Question

1. donations emily has 20 collectible dolls from different countries that she will donate. if she selects 10 of them at random, what is the probability that she chooses the dolls from ecuador, paraguay, chile, france, spain, sweden, switzerland, germany, greece, and italy?

Explanation:

Step1: Determine total number of ways to choose 10 dolls from 20.

The formula for combinations is \( C(n, k)=\frac{n!}{k!(n - k)!} \), where \( n = 20 \) and \( k=10 \). So \( C(20,10)=\frac{20!}{10!(20 - 10)!}=\frac{20!}{10!×10!} \).

Step2: Determine number of favorable outcomes.

We need to choose 10 dolls that include 9 specific dolls (Ecuador, Paraguay, Chile, France, Spain, Sweden, Switzerland, Germany, Greece, Italy? Wait, wait, the 9 countries? Wait, no, wait: the problem says "chooses the dolls from Ecuador, Paraguay, Chile, France, Spain, Sweden, Switzerland, Germany, and Italy" – that's 9 dolls. So we need to choose 10 dolls, and 9 of them are fixed (these 9), so we need to choose 1 more doll from the remaining \( 20 - 9=11 \) dolls. So the number of favorable combinations is \( C(11,1)=\frac{11!}{1!(11 - 1)!}=\frac{11!}{1!×10!}=11 \).

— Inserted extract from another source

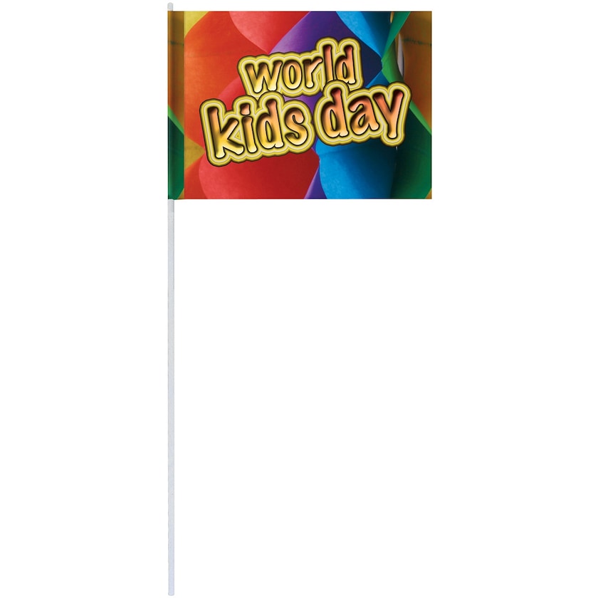 Grand drapeau en papier avec imprimés personnalisés. Le drapeau est fabriqué en papier offset stratifié mat de 135 g/m², collé sur un bâton en plastique écologique de 50 cm de long. Le bâton est fabriqué à 70% en matériaux recyclés. Le drapeau est imprimé des deux côtés, chaque côté pouvant avoir un imprimé propre. Livrés en groupes de 25 dans des boîtes de 1000.

Step3: Calculate the probability.

Probability \( P=\frac{\text{Number of favorable outcomes}}{\text{Total number of outcomes}}=\frac{C(11,1)}{C(20,10)} \).

First, calculate \( C(20,10)=\frac{20×19×18×17×16×15×14×13×12×11}{10×9×8×7×6×5×4×3×2×1}=184756 \).

\( C(11,1) = 11 \).

So \( P=\frac{11}{184756}=\frac{1}{16796} \) (Wait, 184756 ÷ 11 = 16796? Let's check: 11×16796 = 11×(16000 + 796)=176000+8756 = 184756. Yes. So 11/184756 = 1/16796? Wait, no: 11 divided by 184756: let's simplify. 184756 ÷ 11 = 16796, so 11/184756 = 1/16796? Wait, no, 11 and 184756: GCD of 11 and 184756. 184756 ÷ 11 = 16796, so yes, 11/184756 = 1/16796? Wait, no, 11 is the numerator, 184756 is the denominator. 184756 ÷ 11 = 16796, so 11/184756 = 1/16796. Wait, but let's re - check the favorable outcomes. Wait, the problem says "chooses the dolls from Ecuador, Paraguay, Chile, France, Spain, Sweden, Switzerland, Germany, and Italy" – that's 9 dolls. She is choosing 10 dolls, so she must include these 9 and 1 more from the remaining 20 - 9 = 11. So the number of favorable is C(11,1)=11. Total number of ways to choose 10 from 20 is C(20,10)=184756. So probability is 11/184756 = 1/16796 ≈ 5.95×10^{-5}? Wait, no, 1/16796 is approximately 0.0000595, or 5.95×10^{-5}. But let's check the combination calculation again.

Wait, \( C(20,10)=\frac{20!}{10!10!}=\frac{20×19×18×17×16×15×14×13×12×11}{10×9×8×7×6×5×4×3×2×1} \). Let's compute numerator: 20×19 = 380; 380×18 = 6840; 6840×17 = 116280; 116280×16 = 1860480; 1860480×15 = 27907200; 27907200×14 = 390700800; 390700800×13 = 5079110400; 5079110400×12 = 60949324800; 60949324800×11 = 670442572800. Denominator: 10!×10! = (3628800)×(3628800)=13168189440000. Wait, no, that's wrong. Wait, 10! = 3628800. So 10!×10! = 3628800×3628800. But when we calculate \( C(20,10) \), we can use the formula \( C(n,k)=\frac{n!}{k!(n - k)!} \), and for n = 20, k = 10, \( C(20,10)=184756 \) (this is a known value, the number of ways to choose 10 elements from 20 is 184756). And \( C(11,1)=11 \). So the probability is 11/184756 = 1/16796 ≈ 0.0000595, or 5.95×10^{-5}.

Answer:

The probability is \(\frac{1}{16796}\) (or approximately \(5.95\times10^{-5}\)).